Persaud et al. (50) reported a limiting dilution infectivity assay for HTLV-1 which allowed early detection of infected cultures and interleukin 2 (IL-2)-driven expansion of clonal populations. The present study extends this method to HTLV-2 and characterizes the resultant transformants. Clonal HTLV-2 populations were routinely and reproducibly generated with the HTLV-2a laboratory strain LAMP/MO. Furthermore, Southern blot analysis was used to characterize both the number and size of proviral integrations in the transformants derived from the in vitro system. These results are compared with those previously noted for HTLV-1. Additionally, chromosomal in situ hybridization was used to localize both HTLV-1 and HTLV-2 proviral integrations.

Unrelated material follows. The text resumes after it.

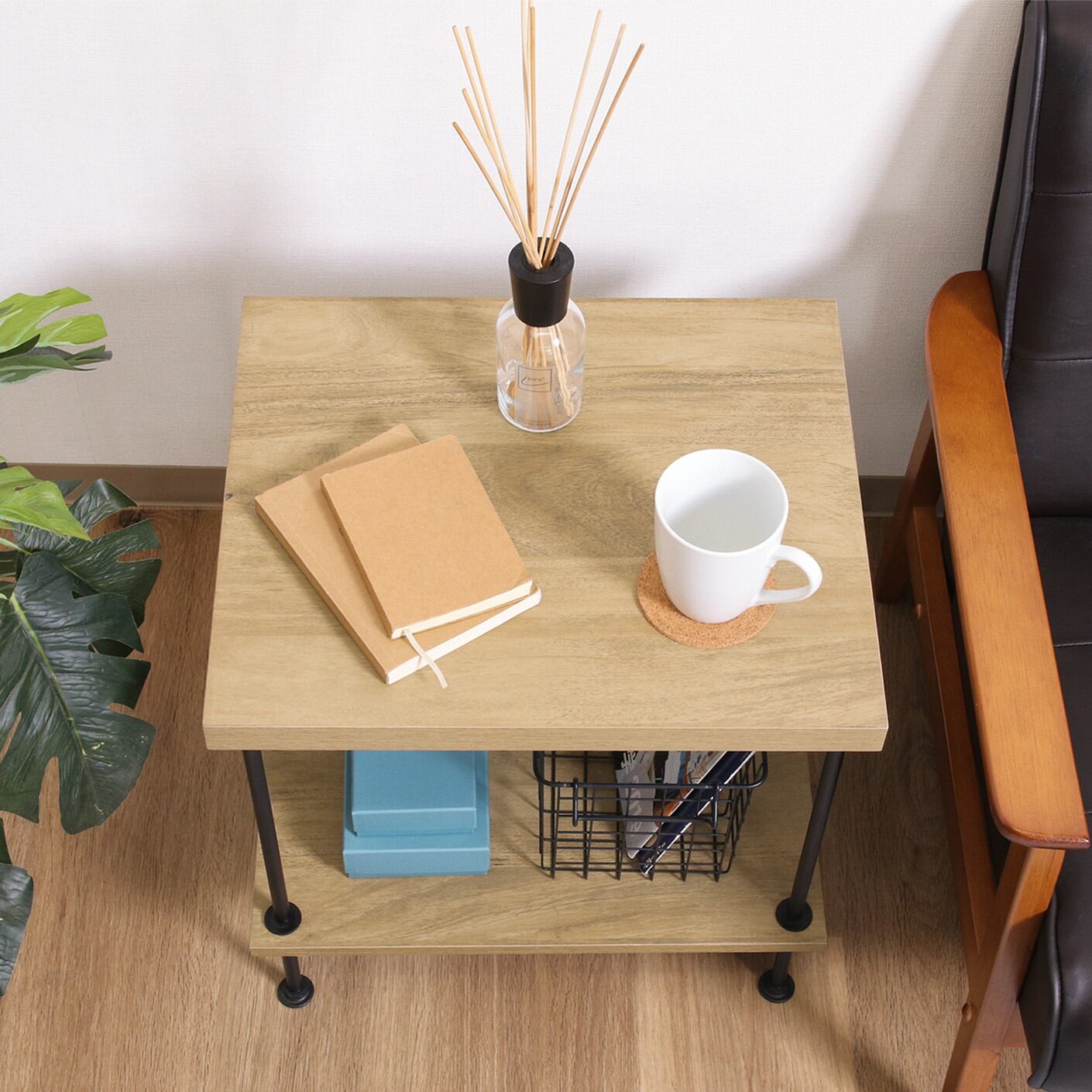 板の穴にワイヤーフレームを差し込みねじ込むだけで完成する「ツイストロックシステム」を採用したシリーズで、手軽におしゃれなインテリアを楽しめます。落ち着いた色味の木目とブラックスチールを合わせた相性の良い組み合わせで、お部屋にも馴染みます。高さ48cmでソファなどにも合わせて使いやすい。A4サイズのファイルや雑誌なども立てて収納できます。幅47×奥行40cmの広々とした天板は飲み物やお菓子、雑誌などを余裕をもって置くことができます。リビングだけでなく、ベッドサイドや玄関先など様々な場所で活躍します。

Infection-transformation efficiency and assay reproducibility. The HTLV-2 transformation assay was performed as described by Persaud for HTLV-1 (50). Briefly, LAMP/MO cells (gift of Robert Gallo, National Cancer Institute, Bethesda, Md.) were exposed on ice to 11,700 rads (390 rads/min for 30 min) from a gamma source. Various numbers of irradiated cells (10, 100, and 1,000) were cocultivated with 10⁴ activated peripheral blood mononuclear cells (PBMCs) in round-bottom 96-well plates in the presence of IL-2 (10 U/ml) (Boehringer-Mannheim Corp., Indianapolis, Ind.). HTLV-2-transformed cell populations were identified as cells that continued to proliferate beyond 6 weeks, the point at which most of the activated PBMCs not exposed to the HTLV-2-producing cells no longer proliferate in medium containing IL-2, and also by the continued production of HTLV p24 antigen (determined by enzyme-linked immunosorbent assay; (Coulter Immunology, Hialeah, Fl) >1,000 pg/ml) in the culture supernatant. Control wells containing only activated PBMCs or only irradiated LAMP/MO (10⁴ cells/well) were maintained in parallel. After 6 to 9 weeks of culture, cocultures which continued to grow were expanded in growth medium supplemented with 10 U of IL-2/ml. HTLV-2-transformed clones were defined as cells exposed to HTLV-2 that continued to proliferate in the presence of IL-2 and that continuously produced p24 antigen (>1,000 pg/ml) by 12 weeks after the initial coculture. Control wells, which contained 10⁴ phytohemagglutinin-activated PBMCs in the absence of HTLV-2-infected cells, proliferated for approximately 4 weeks and were never p24⁺; wells which contained only HTLV-2-irradiated cells never exhibited growth and remained positive for p24 at low levels for approximately 3 to 6 weeks after the assay set-up.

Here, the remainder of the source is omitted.